*WORK INSTRUCTION*. Look below for the line with "Double row spherical"; begin the copy there and stop after the line with "Figure 1. Steps of D&D model", keeping the text exact and the pictures out.

= = = = = = =

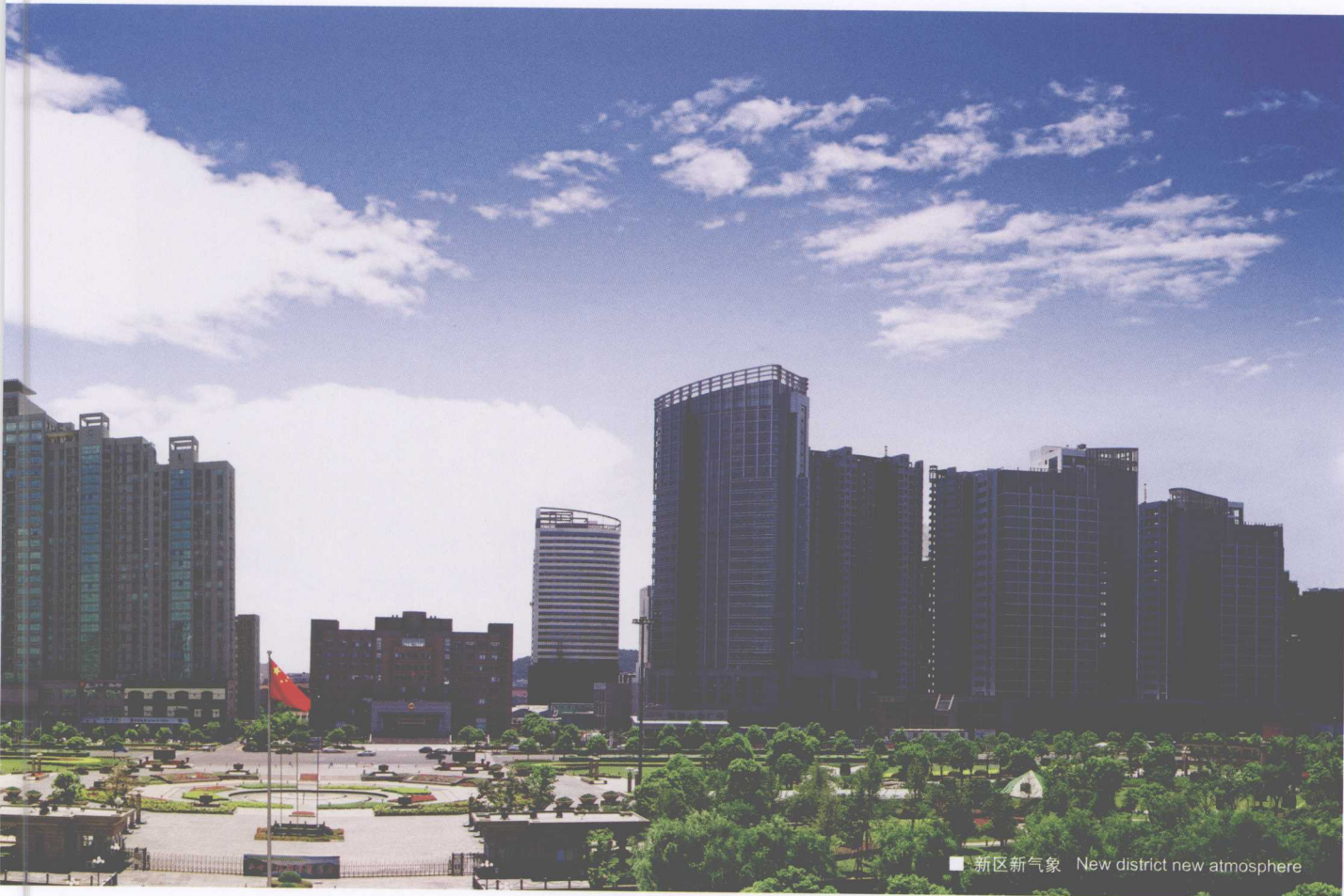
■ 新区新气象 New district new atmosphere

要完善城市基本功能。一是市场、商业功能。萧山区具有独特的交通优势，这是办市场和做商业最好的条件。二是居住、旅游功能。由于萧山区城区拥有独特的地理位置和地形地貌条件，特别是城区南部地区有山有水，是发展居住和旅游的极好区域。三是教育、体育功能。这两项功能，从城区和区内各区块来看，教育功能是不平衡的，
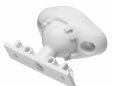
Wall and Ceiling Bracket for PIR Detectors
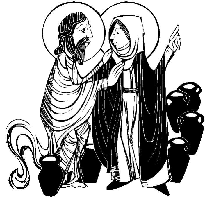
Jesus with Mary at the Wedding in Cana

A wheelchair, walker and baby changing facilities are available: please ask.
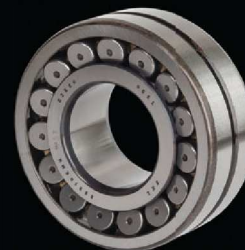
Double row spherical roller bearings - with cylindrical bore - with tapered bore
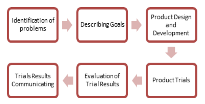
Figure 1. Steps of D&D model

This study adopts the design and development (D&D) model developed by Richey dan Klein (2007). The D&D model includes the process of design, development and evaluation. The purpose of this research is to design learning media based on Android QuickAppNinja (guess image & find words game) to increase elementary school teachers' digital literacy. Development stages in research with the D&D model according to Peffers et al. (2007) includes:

= = = = = = =

*RESPONSE AREA*.
Double row spherical roller bearings - with cylindrical bore - with tapered bore
Figure 1. Steps of D&D model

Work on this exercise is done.